REQUIRED ACTION.
All pictures must be left out as you transcribe the lines from the first line of the data to the line containing "ベルトの通し方にこだわったデ", both included.

DATA FOR ANALYSIS.
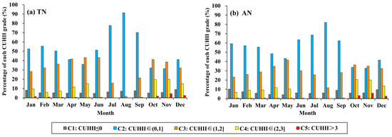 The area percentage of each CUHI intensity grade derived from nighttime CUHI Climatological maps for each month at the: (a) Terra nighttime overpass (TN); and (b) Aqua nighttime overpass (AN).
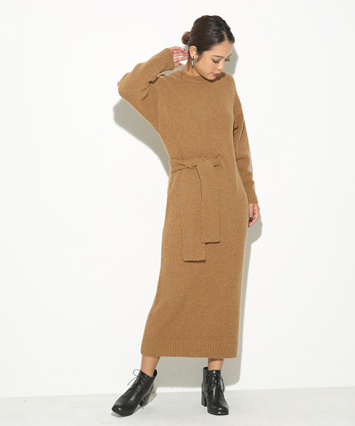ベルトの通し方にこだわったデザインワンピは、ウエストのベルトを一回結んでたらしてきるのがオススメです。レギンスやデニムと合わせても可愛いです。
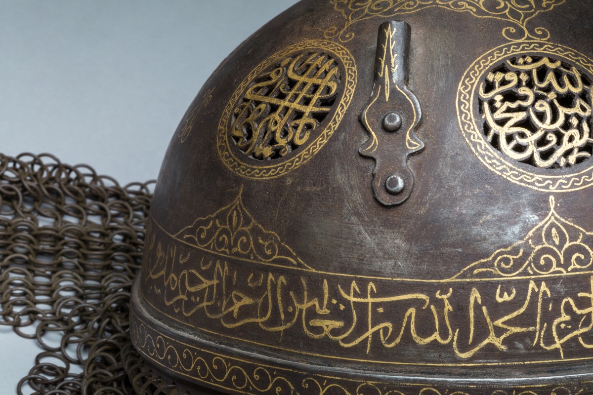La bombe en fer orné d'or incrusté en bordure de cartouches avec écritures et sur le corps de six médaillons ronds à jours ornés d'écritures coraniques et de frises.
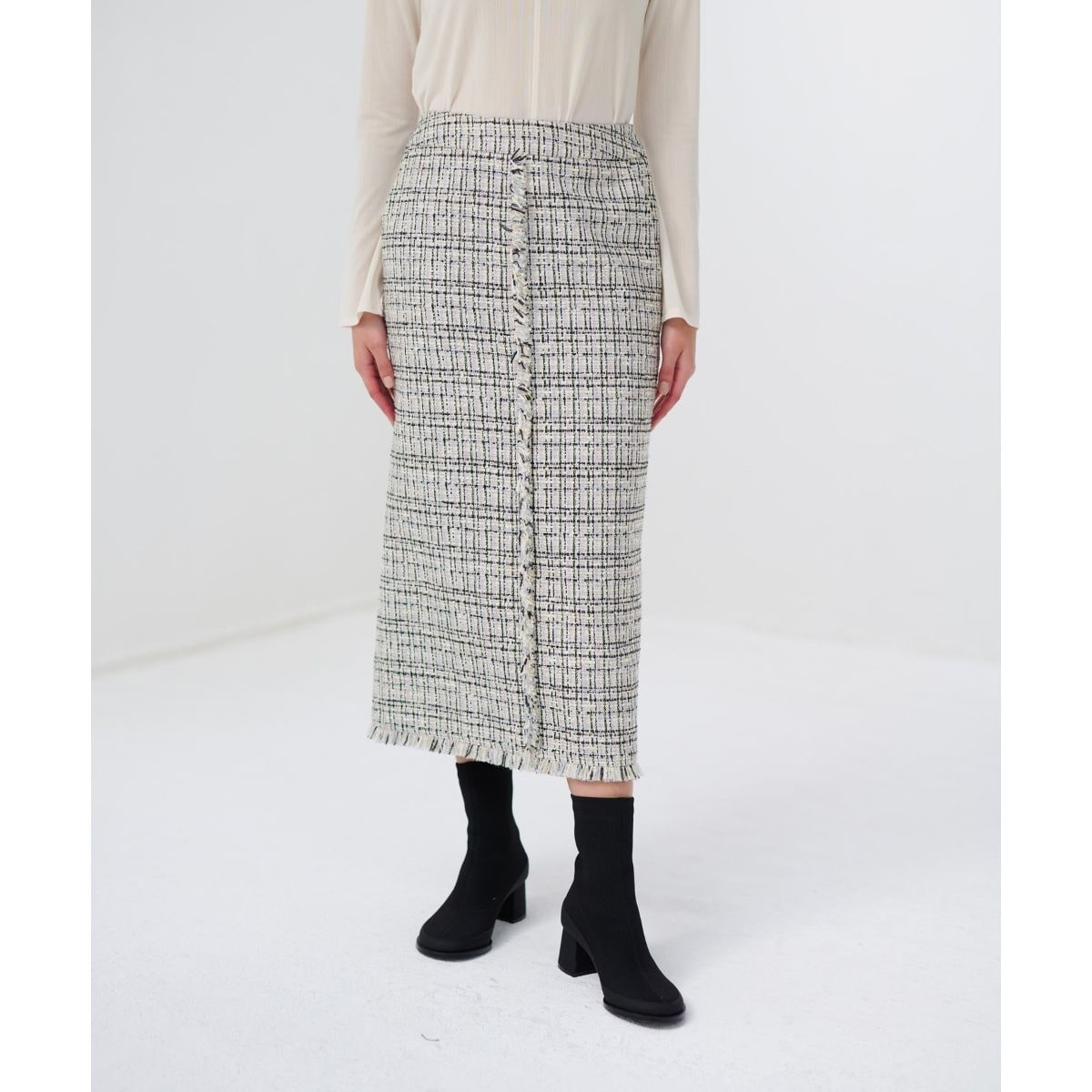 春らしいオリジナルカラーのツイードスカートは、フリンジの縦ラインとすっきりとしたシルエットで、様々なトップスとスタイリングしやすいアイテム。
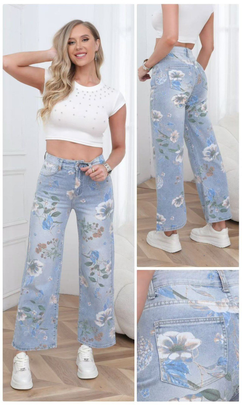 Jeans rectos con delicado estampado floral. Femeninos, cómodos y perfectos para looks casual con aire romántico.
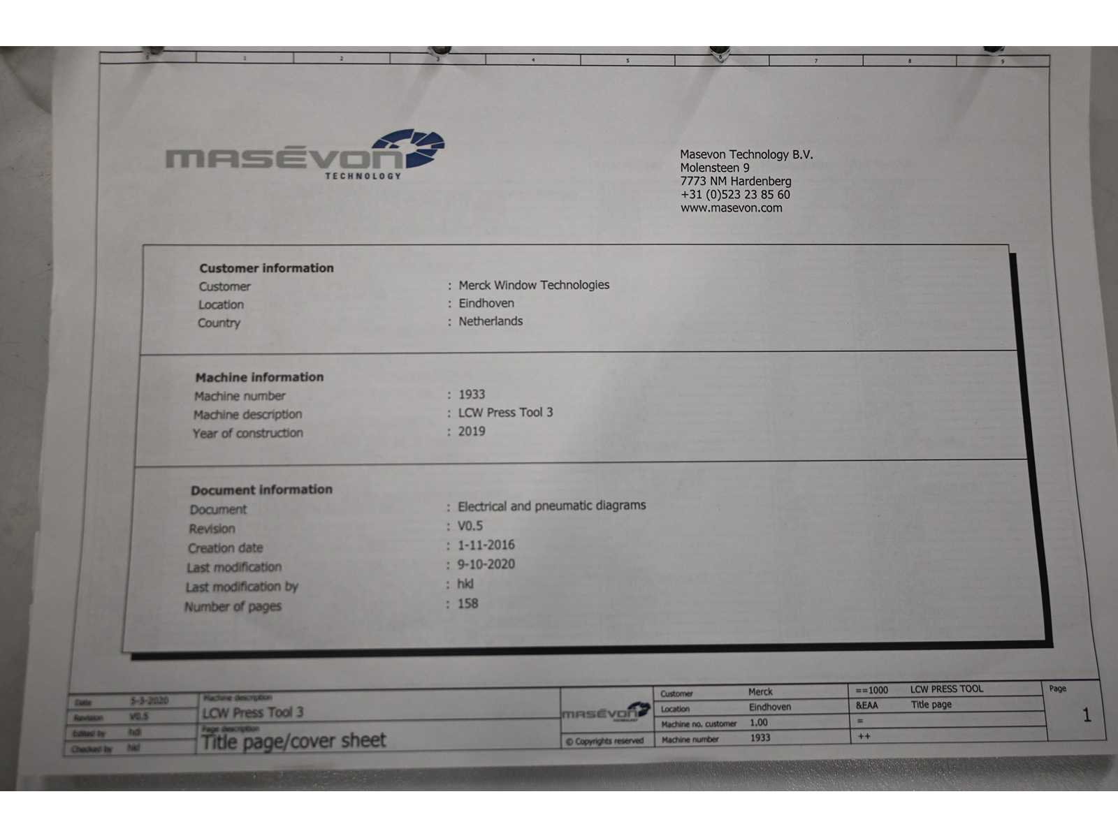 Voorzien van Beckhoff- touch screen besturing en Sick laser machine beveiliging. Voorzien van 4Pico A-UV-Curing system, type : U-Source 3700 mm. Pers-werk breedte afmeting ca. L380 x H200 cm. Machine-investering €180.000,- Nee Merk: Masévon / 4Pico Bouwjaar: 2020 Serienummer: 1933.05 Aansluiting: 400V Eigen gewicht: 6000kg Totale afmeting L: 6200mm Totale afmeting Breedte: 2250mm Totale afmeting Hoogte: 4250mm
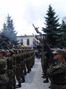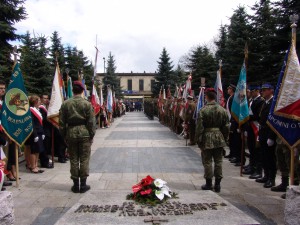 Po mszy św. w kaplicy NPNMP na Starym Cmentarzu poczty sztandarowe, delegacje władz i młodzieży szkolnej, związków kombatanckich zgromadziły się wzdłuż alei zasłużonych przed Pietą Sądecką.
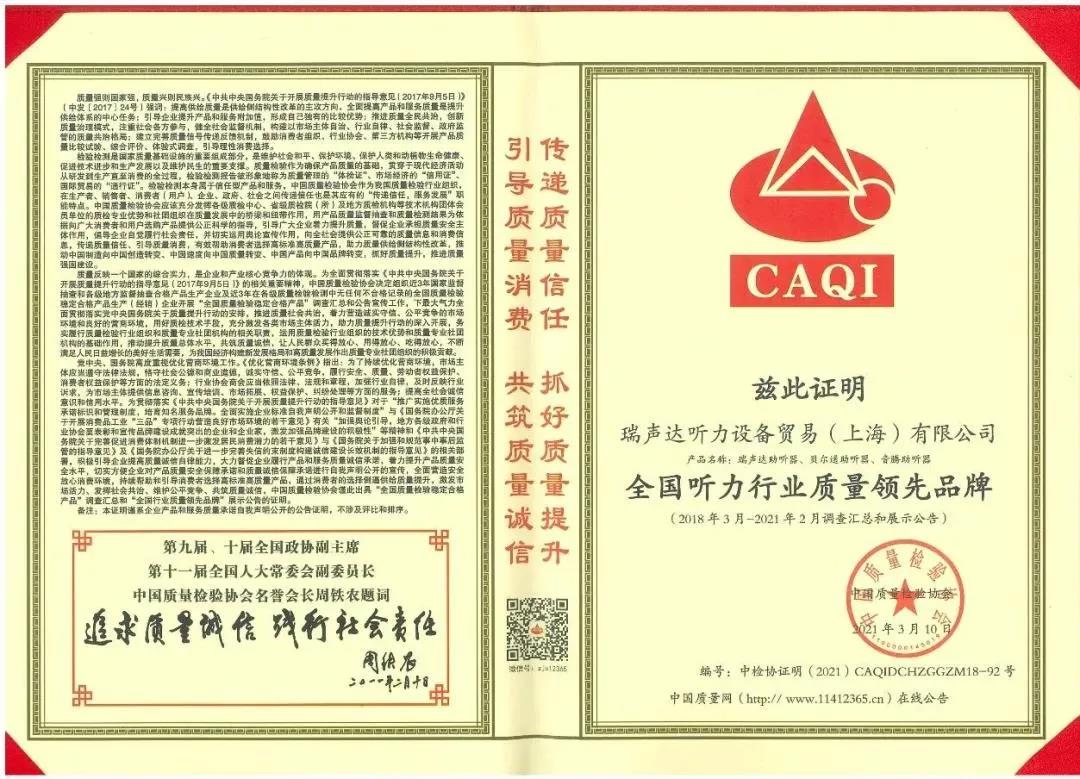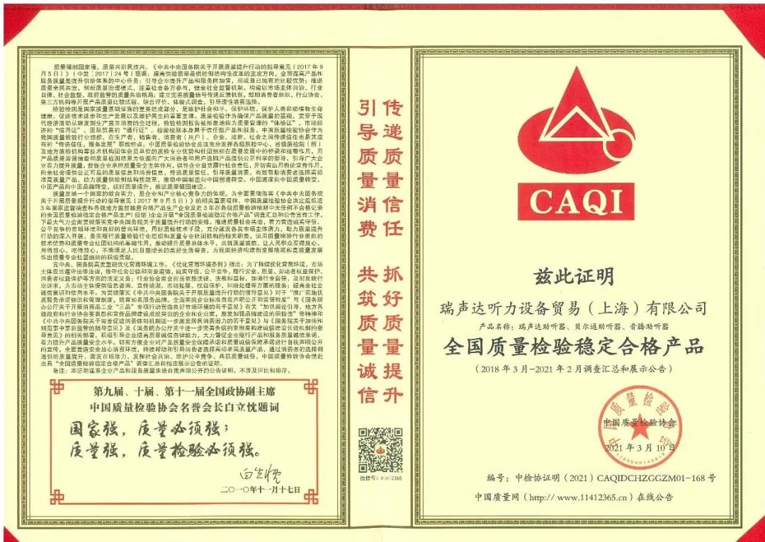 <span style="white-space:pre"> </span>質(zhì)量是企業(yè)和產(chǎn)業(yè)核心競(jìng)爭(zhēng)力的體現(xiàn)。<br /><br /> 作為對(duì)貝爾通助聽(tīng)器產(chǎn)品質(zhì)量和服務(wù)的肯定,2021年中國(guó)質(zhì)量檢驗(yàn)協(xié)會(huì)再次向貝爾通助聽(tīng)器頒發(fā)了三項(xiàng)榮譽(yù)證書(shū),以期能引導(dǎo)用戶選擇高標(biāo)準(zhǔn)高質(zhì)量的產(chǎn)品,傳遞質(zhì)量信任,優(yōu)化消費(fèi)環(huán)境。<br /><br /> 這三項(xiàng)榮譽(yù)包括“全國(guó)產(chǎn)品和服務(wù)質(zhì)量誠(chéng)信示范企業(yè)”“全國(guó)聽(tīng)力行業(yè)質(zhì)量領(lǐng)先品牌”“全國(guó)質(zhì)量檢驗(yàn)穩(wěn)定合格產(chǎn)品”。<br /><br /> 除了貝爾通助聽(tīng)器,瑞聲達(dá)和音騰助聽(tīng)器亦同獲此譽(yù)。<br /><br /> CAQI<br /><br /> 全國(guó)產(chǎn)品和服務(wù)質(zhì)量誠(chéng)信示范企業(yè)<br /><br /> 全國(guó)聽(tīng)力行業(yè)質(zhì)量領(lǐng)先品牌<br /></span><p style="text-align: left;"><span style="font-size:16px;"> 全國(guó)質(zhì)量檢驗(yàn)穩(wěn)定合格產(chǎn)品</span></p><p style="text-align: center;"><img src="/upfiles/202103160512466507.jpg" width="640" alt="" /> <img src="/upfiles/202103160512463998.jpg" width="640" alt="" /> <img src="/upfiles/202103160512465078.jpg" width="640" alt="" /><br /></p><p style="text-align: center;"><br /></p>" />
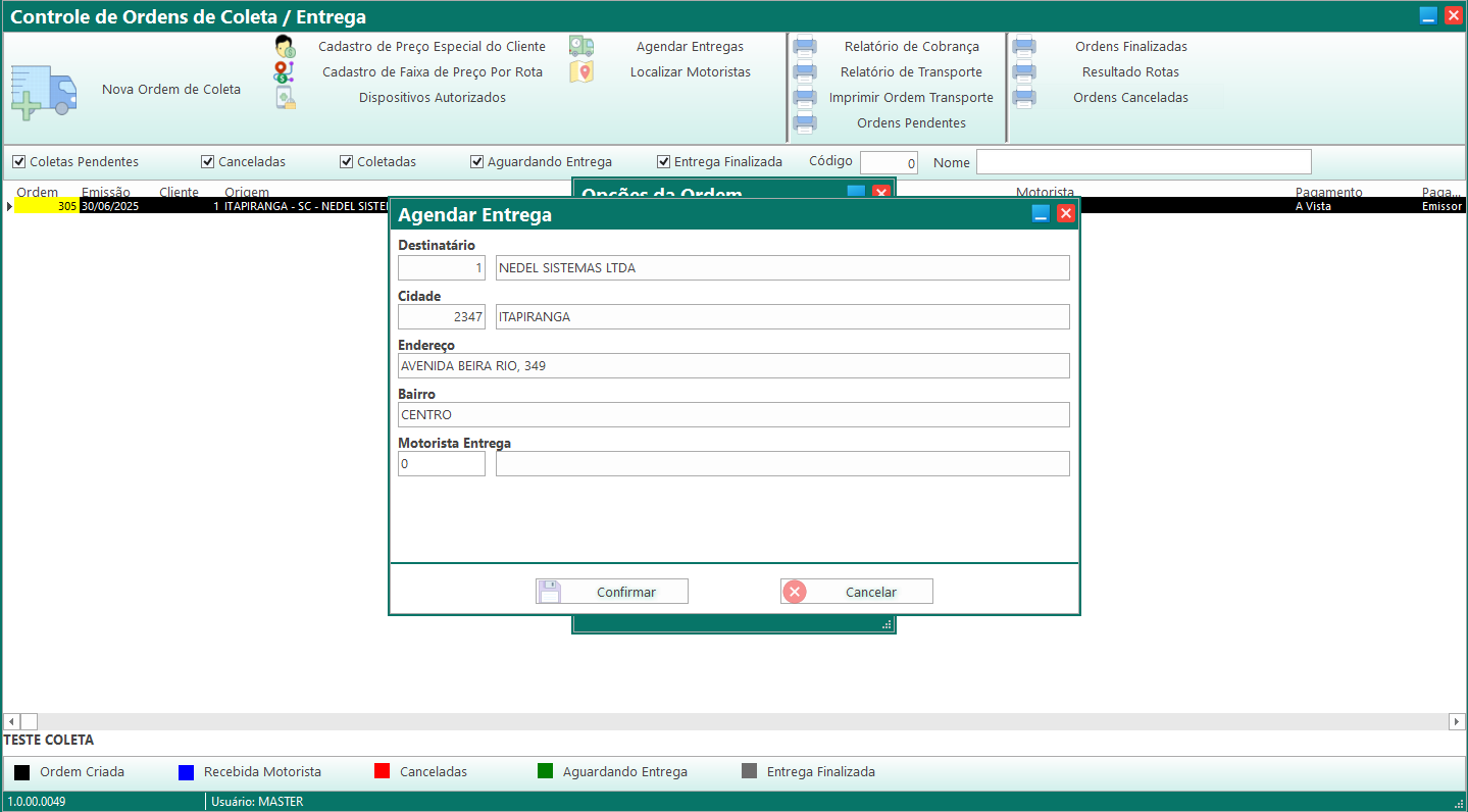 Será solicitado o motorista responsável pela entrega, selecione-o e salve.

OUTPUT OF THE TASK.
 The area percentage of each CUHI intensity grade derived from nighttime CUHI Climatological maps for each month at the: (a) Terra nighttime overpass (TN); and (b) Aqua nighttime overpass (AN).
ベルトの通し方にこだわったデザインワンピは、ウエストのベルトを一回結んでたらしてきるのがオススメです。レギンスやデニムと合わせても可愛いです。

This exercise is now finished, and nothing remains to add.